Regulators scramble to keep up
But the rise of drones raises societal concerns, and regulators are only starting to get the legal frameworks in place for their safe and beneficial use.
This summer, U.S. transportation and aviation authorities announced national guidelines for non-recreational unmanned aircraft under 25 kg. Transport Canada requires commercial drone operators to get a special flight certificate advising how the UAV can be used. As drones encroach populated areas and flight paths, the evolution of these rules will be critical.
Drones are also getting more popular for recreational use in Canada, which does not require a flight certificate for drones under 35 kg. This paves the way for novices who may not understand the limitations of their drones’ battery life, for example.
And privacy issues still need to be addressed, as regulations don’t cover what kinds of information drones can collect and how that information is used. Perhaps most concerning to the average person: drones can easily capture personal photos and videos.

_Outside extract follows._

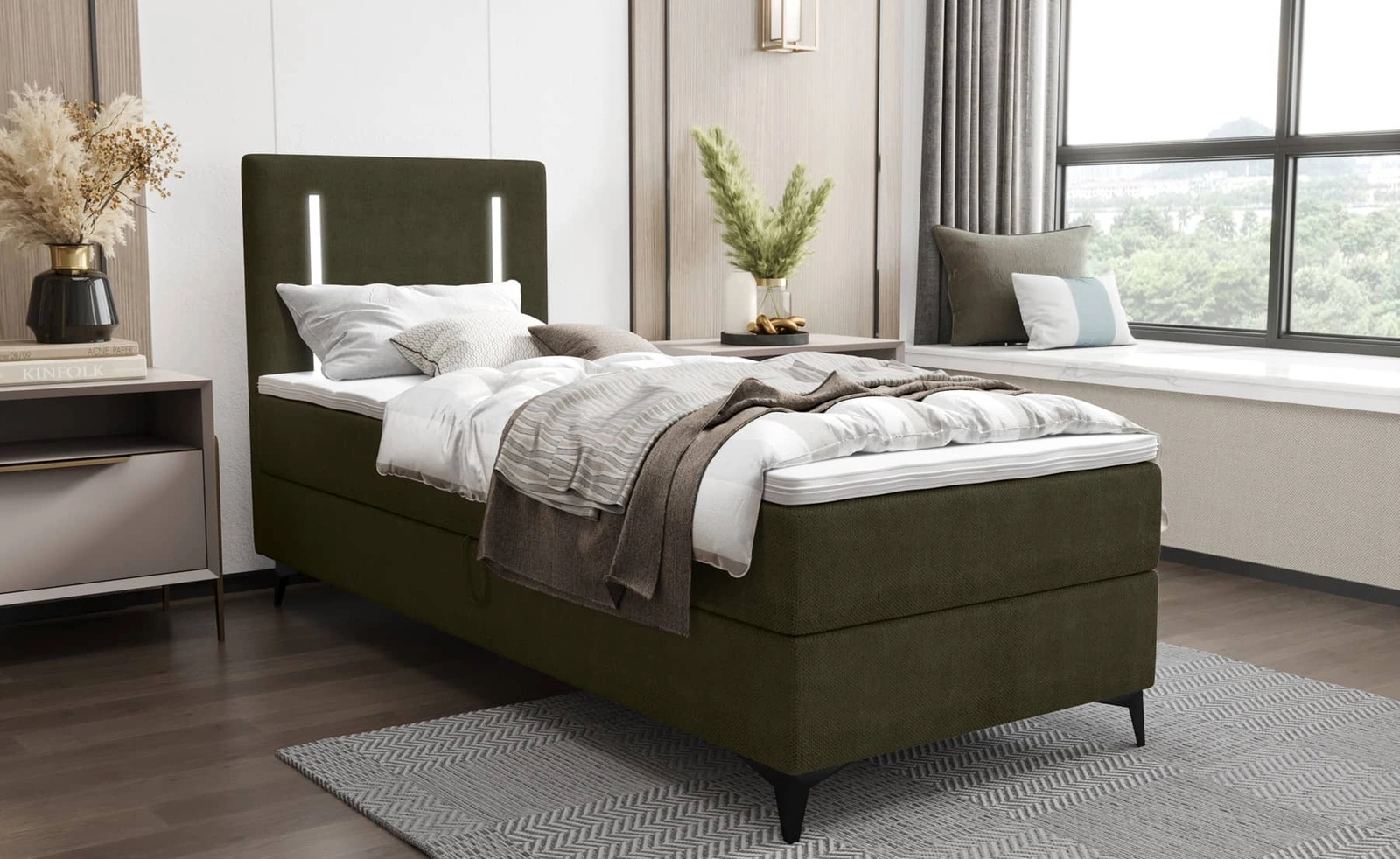 Łóżko kontynentalne Norco 80x200 zielone stylowe łóżko z pojemnikiem oświetlenie umieszczone w zagłówku nadaje wyjątkowości

“Transport Canada does a good job … when it comes to safety issues, but I think that there are other social issues that also need to be addressed,” says Kristen Thomasen, a legal expert on drones and incoming professor of law and robotics at the University of Windsor.
Thomasen says she believes that a pressing next step is for legal experts, engineers and the public to discuss the privacy implications and the nuisance of buzzing drones overhead.
Despite these questions, Hayes, of Insitu, foresees fuel cell drones taking off in both the military and civilian markets. “I think the fuel cell technology is going to be one of the keys to unlocking that market in a way that we can’t do today.”